Ну и научилась она как?

Красота, вот что сразу останавливало взгляд. Куча мебели посреди улицы – одно это уже смотрелось невероятно красиво. Но когда загорелось!

Кресло с цветочным узором, до последнего момента едва тлевшее, резко занялось и выразило все существо свое в высоком столбе оранжевого пламени. Восхитительно!

А ей – слабо?

По крайней мере, можно попробовать приблизиться.

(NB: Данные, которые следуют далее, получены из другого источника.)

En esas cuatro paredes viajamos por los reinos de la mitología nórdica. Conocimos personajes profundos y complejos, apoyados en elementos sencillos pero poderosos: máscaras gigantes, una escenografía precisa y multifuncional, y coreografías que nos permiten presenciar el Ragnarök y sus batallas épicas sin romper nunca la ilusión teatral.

Замки чемоданчика нехотя отщелкнулись. Она и так уже столько всего потеряла из того, что привыкла таскать за собой, все эти косточки и безделушки собственного прошлого, которые, как их ни тереби, так и не выдали ни крупицы тех чувств, что им полагалось в себе содержать. Неотправленные открытки. Детские тряпки. Блокнот с автографами (в том числе трех знаменитостей), который она завела с восьмого класса. Со всем лежалым хламом она расстанется без малейшей тени сожаления.

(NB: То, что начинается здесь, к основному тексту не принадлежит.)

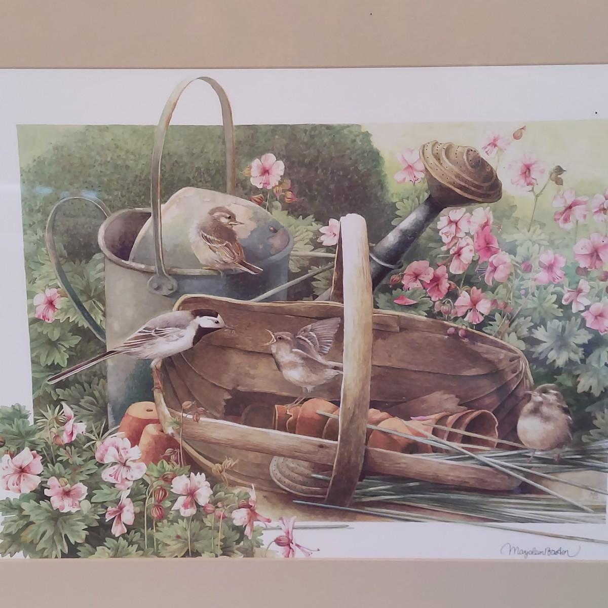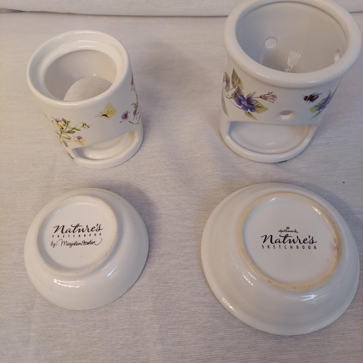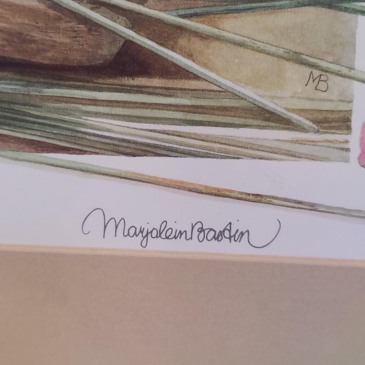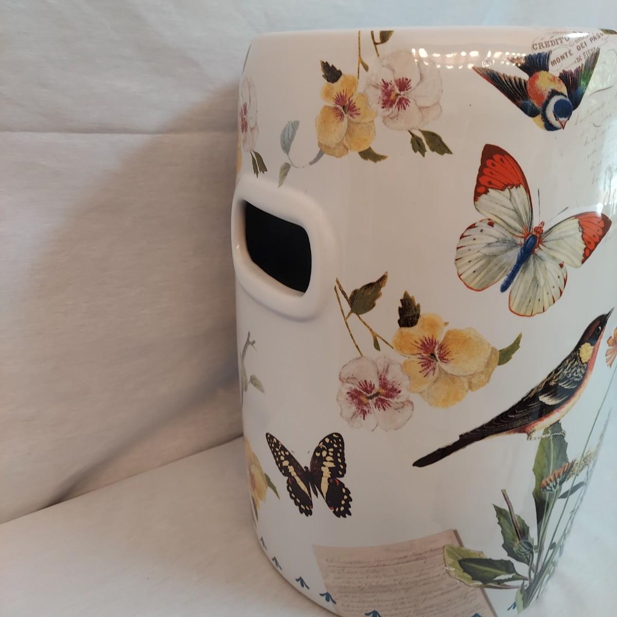 This lot is full of Marjolein Bastin pieces. There are three metal Hallmark bird houses that are 9.5" tall. There are some paint issues on a few of them please see photos. Also includes two ceramic candle holders/tart warmers, a mailbox music box and a small wind chime. The wind chime has some rust. Please see photos. There is also a lamp that is 16" tall and a framed print that is 19" x 15"H. A large stoneware stool is also in this lot. It is not a Marjolein Bastin piece. It measures 12" around and 18" high. The glitter globe is 7" tall. Local Pickup Only.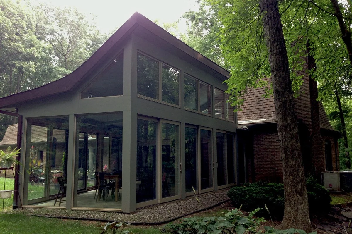 After over thirty-five years of living in their home, the clients wanted to renovate the kitchen and expand their dining capacity. They envisioned a space which could accommodate dinners with their growing extended family and as well as being a beautiful environment to host parties. As avid home chefs, they wanted a customized kitchen with efficient workspaces conducive to gathering and spending time with family and friends while preparing meals. The light-filled addition was designed to accommodate a large dining table and chairs with views of the forest at one side and the English garden on the other. The sloped roof is a formal response to the gabled roof of the existing house and serves to frame the beautiful views all around.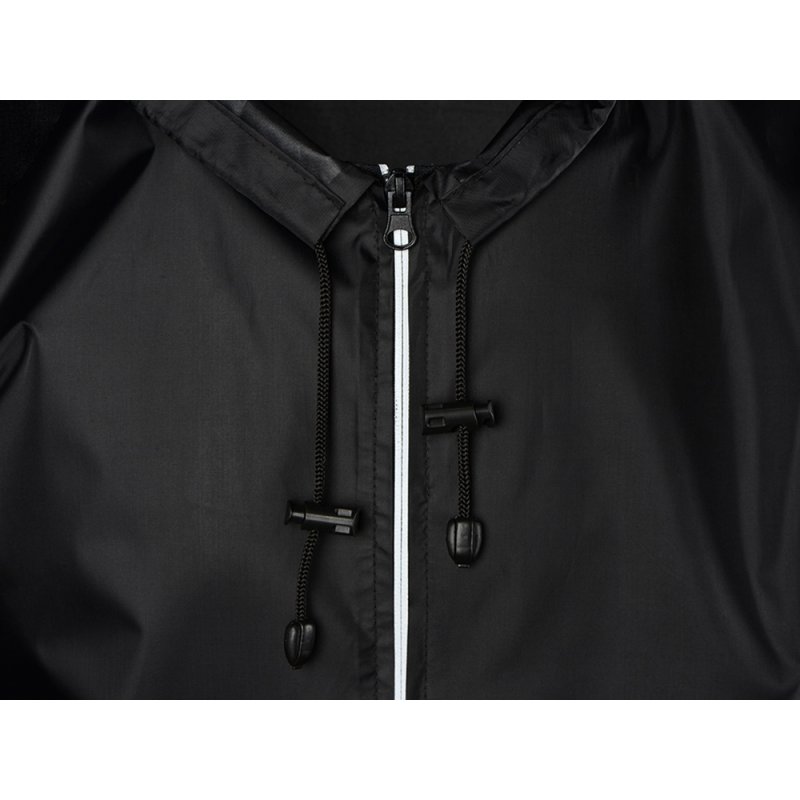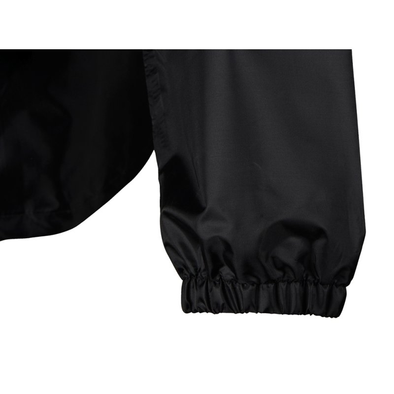 Капюшон и низ дождевика затягиваются на шнурки с фиксаторами, что позволяет отрегулировать посадку по фигуре. Манжеты дождевика — на резинке.

На самом верху в чемоданчике – белое платье. Она швырнула его в огненные объятия кресла. Коснувшись языков пламени, года белизны сгустились в мимолетной ослепительной вспышке.

Туфли, свитер. Пепельно съежились в багровых отсветах зеленых огней. Ситец. В полосочку.

И по большей части даже не ее размера! Потеряв терпение, она вывалила все остальное до кучи, кроме фотографий и пачки писем. Эти она скормила огню по очереди. Карточки исчезали в пламени, каждая вспыхивала, словно лампа-вспышка, покидая мир точно так же, как в него явилась. Письма, на менее плотной бумаге, заставляли ждать себя еще меньше: просто “пых!”, и затем поднимались в восходящем воздушном потоке, невесомые черные птицы, стишок за стишком, ложь за ложью – вся Хуанова любовь. И теперь она свободна?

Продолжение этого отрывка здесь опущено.